• To do: Give back the exact lines of the material below from the one containing "Đồng chí Bùi" through the one containing "Professional Blue Small", and no pictures.

• Source records:
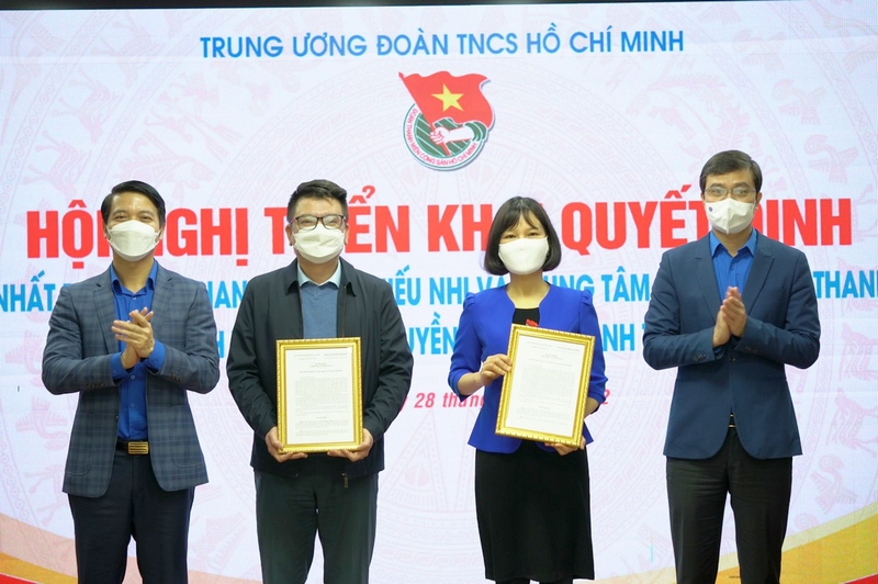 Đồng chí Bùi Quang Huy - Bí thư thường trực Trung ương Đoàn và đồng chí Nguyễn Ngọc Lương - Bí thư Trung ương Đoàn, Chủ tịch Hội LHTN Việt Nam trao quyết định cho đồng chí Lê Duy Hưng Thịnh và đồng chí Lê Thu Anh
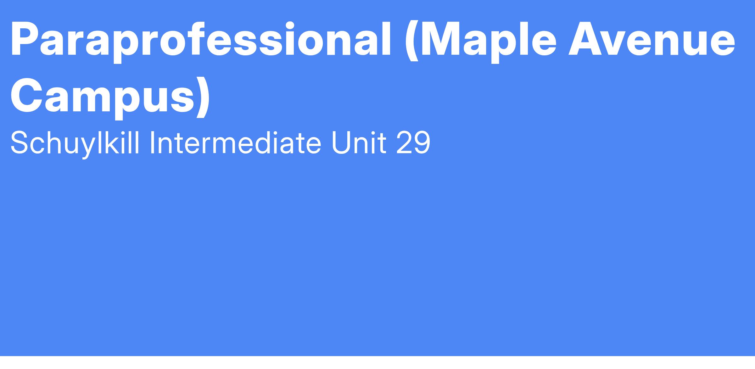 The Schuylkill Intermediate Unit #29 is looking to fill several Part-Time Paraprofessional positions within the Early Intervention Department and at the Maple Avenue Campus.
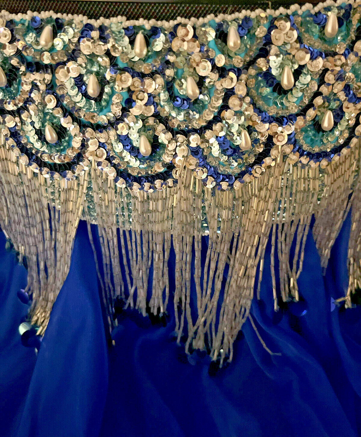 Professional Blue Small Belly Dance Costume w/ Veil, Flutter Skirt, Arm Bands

...

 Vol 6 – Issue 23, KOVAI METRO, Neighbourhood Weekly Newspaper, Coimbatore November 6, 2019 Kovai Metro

...

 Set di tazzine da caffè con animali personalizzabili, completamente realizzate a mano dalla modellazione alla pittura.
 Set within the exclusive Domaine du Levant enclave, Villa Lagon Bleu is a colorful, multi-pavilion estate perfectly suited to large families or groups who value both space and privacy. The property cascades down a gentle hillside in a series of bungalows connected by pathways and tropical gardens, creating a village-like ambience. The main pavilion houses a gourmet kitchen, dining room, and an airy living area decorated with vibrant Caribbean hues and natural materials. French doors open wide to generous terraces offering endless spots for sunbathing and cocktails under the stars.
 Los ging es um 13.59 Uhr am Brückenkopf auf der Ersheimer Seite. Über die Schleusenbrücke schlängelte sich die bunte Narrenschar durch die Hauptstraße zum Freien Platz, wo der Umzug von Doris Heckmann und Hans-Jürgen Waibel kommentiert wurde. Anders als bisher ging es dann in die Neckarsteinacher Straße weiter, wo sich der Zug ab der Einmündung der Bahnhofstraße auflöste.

• Answer for this exercise:
 Đồng chí Bùi Quang Huy - Bí thư thường trực Trung ương Đoàn và đồng chí Nguyễn Ngọc Lương - Bí thư Trung ương Đoàn, Chủ tịch Hội LHTN Việt Nam trao quyết định cho đồng chí Lê Duy Hưng Thịnh và đồng chí Lê Thu Anh
 The Schuylkill Intermediate Unit #29 is looking to fill several Part-Time Paraprofessional positions within the Early Intervention Department and at the Maple Avenue Campus.
 Professional Blue Small Belly Dance Costume w/ Veil, Flutter Skirt, Arm Bands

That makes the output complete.